I'm really excited about the idea of having a dog, but I'm completely terrified that my husband might be violent with it, just like my dad was. Because I don't deal with anger well, I don't know how to evaluate the likelihood of this happening.

What should I do? Should we go back to the therapist before we get a dog so that we have some help talking about this? Am I being unreasonably worried? My husband is different enough from my Dad, that I really think this couldn't happen -- but I can't be sure. Do I have to be sure, given the small (I think) likelihood? Is anyone really sure that their spouse won't abuse a pet? I mean, is this even a consideration for most people?

Other details: We do not have kids and are not going to. We probably won't have any other pets except the dog. If we don't get a dog, we will probably get a cat, even though that's not our preference right now. Dog would be an adult rescue, not a puppy, and I won't adopt a dog that isn't crate- and house-trained already.
posted by anonymous to Pets & Animals (33 answers total) 2 users marked this as a favorite
What should I do? Should we go back to the therapist before we get a dog so that we have some help talking about this?

Honestly, I think you should still be going anyway- not, perhaps, as often as before, but certainly to check in. It sounds like your husband has made progress, but I think you should maintain a relationship with the therapist for reasons exactly like this. And if he really has changed he won't blame you for wanting to do that.
posted by showbiz_liz at 7:47 AM on December 9, 2011 [7 favorites]

Please do not bring a dog into this situation. He needs to work out his issues before you potentially give him a target (or victim) of his anger.
posted by amazingstill at 7:48 AM on December 9, 2011 [19 favorites]

Animals are wonderful. But they are also frustrating because there is no way to reason with them. For someone with anger management problems, as your husband clearly has, taking away one great resource (reasoning), is a huge deal. I think your concerns are well-founded. I think your suggestion that you make this decision 1) together; 2) in therapy; and 3) after first addressing potential anger scenarios, is spot on. During that process, I think you should also develop an agreement about under what circumstances the dog will need to be re-homed (ie if your husband in any way acts out his aggression toward the dog). This should be a very bright line rule, with very little room for interpretation or rationalization.
posted by jph at 7:49 AM on December 9, 2011 [3 favorites]

Is anyone really sure that their spouse won't abuse a pet?

I came from a genuinely abusive home. My girlfriend had her own issues growing up. Before we got the dog, we were both 100%, utterly, completely sure the other person would never take their anger out on it, or try to "punish" in inhumane ways or anything like that. So, yes, you can be completely sure your spouse won't abuse a pet. And, unfortunately, it has nothing to do with a person's actual love for an animal (or another person) either. A dog, especially an adult rescue, will make you frustrated. It will make you angry. It can be house-trained and crate-trained and polite and it will still, once in a while, do something you can't stand. Or have a behavior that is really, really hard to train it out of.

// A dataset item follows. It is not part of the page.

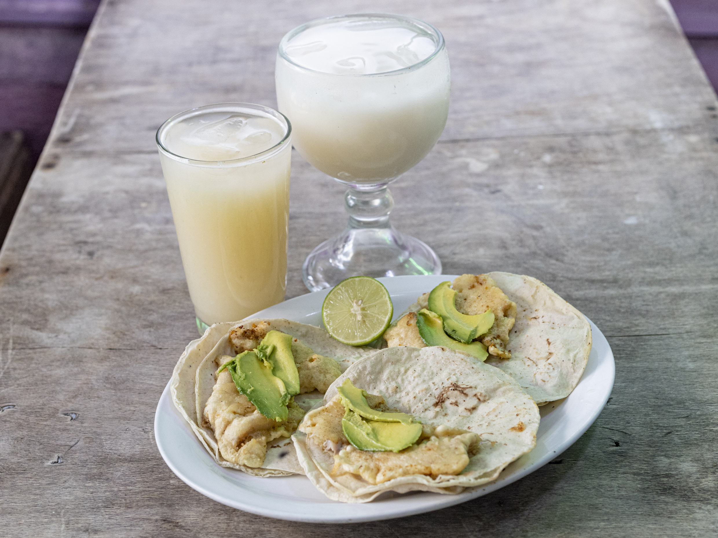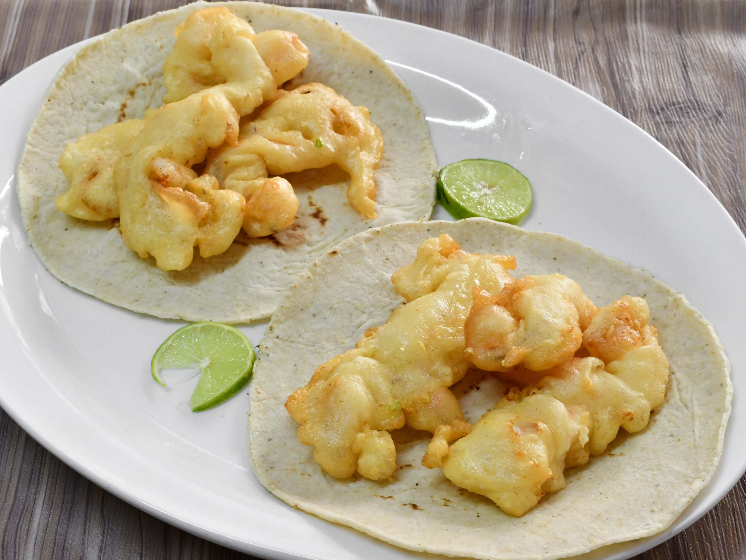 Taco de Camarón contiene tortilla de maiz, camaron capeado, salsas aparte, limon aparte, aderezo aparte

From what you say, your husband has made genuine progress and that is great. What's even better is that two are handling it together, and you have a good sense of boundaries and expectations and so on. However, until a professional can say "okay, your anger issues are under control" as a statement of fact, please don't bring any animals into the relationship. Even if he doesn't take it out on the dog, the dog will annoy him and until he's really and truly learned to handle his anger constructively, it's just not a good idea to add another stressor into the mix.
posted by griphus at 7:56 AM on December 9, 2011 [5 favorites]

What should I do? Should we go back to the therapist before we get a dog so that we have some help talking about this?

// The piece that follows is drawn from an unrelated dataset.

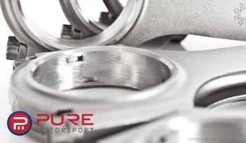 One of the hallmarks of a high quality connecting rod is its strength to weight ratio. Anyone can create an extremely strong rod out of a huge chunk of steel. Creating one with a reasonable weight that works well in today's high rpm european applications, and holds up to a lifetime of torture is another story. In order to create this balance of strength and light weight, an H beam design is utlized. The design is validated and optimized using modern CAD drafting and FEA analysis techniques. These techniques ensure the rod is as light and strong as possible. The material specification and treatment is equally important to producing a quality connecting rod with a high strength to weight ratio. Our steel rods feature 4340 Chrome Moly steel, formed into shape using a 2 piece forging for the highest possible fatigue life. The material is multi-stage heat treated to ensure the highest possible fatigue strength as well as good dimensional stability. This feature ensures that our big ends stay round for a lifetime of bearing trouble free service. Following this pattern of high quality, ARP 2000 rod bolts are standard in all of our applications, while they are an upgrade at additional cost in many of our competitors.

showbiz_liz is right, you should be in therapy regardless. Your husband still has anger issues, and you are still rationalizing and minimizing his behavior. ("He got into a small fight" does not mean "he has never hit anyone" ... and what is a "small" fight anyway?)
posted by headnsouth at 7:58 AM on December 9, 2011 [6 favorites]

I can't speak on the get/don't get part of this, but if it's between a dog and a cat, a cat will create a recursive cycle of frustration as his reactions fail to teach it what behaviors it should avoid. It doesn't take much for a dog to get "I shouldn't do x y or z" and still be happy with the rest of its structured life.
posted by MangyCarface at 7:59 AM on December 9, 2011

Get a divorce??? Really, the poster expresses no interest or intent in leaving a marriage that she has worked hard to improve. She states no recent threat and handled the single threat well by leaving immediately and requiring therapy to continue the relationship. Most adults have flaws and/or are damaged goods, both my wife and I certainly are, yet we find ways to work around and minimize them and have a happy marriage.

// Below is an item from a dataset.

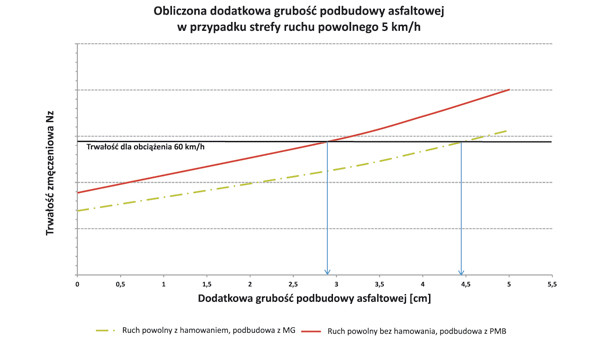Rys. 4 Obliczona dodatkowa grubość warstwy podbudowy asfaltowej w strefie ruchu powolnego [4]
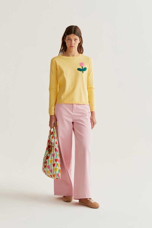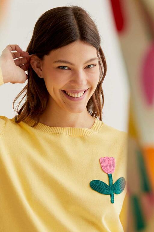 Jersey Compañía Fantástica amarillo con bordado de tulipán rosado

To the question posed, I think dogs can be a wonderful addition to a household and may even help his anger management issues. Certainly regular dog walking could help him.

I would,

1)restart couples therapy, as above, not as frequently as before but to maintain the progress that you have made and continue to find ways to improve the relationship.

2)get a house trained dog that could be returned to given away.

3)make sure your husband knows that a single attack from him on the animal means it goes away.

The potential improvement in your lives if this works out well is a bigger benefit than the negative of a single bad experience the animal might encounter from your husband.

Good luck! It sounds like your have already done a great deal of work towards having a long and happy marriage.
posted by BDoyon at 8:04 AM on December 9, 2011 [5 favorites]

If he could handle being around cats and treated the cats well, he can probably also handle having a dog. It seems to me that you're worries stem from the fact that your dad abused a dog, and so to you a dog seems a more likely candidate for abuse, when really there's no difference between the two species.
posted by orange swan at 8:08 AM on December 9, 2011 [7 favorites]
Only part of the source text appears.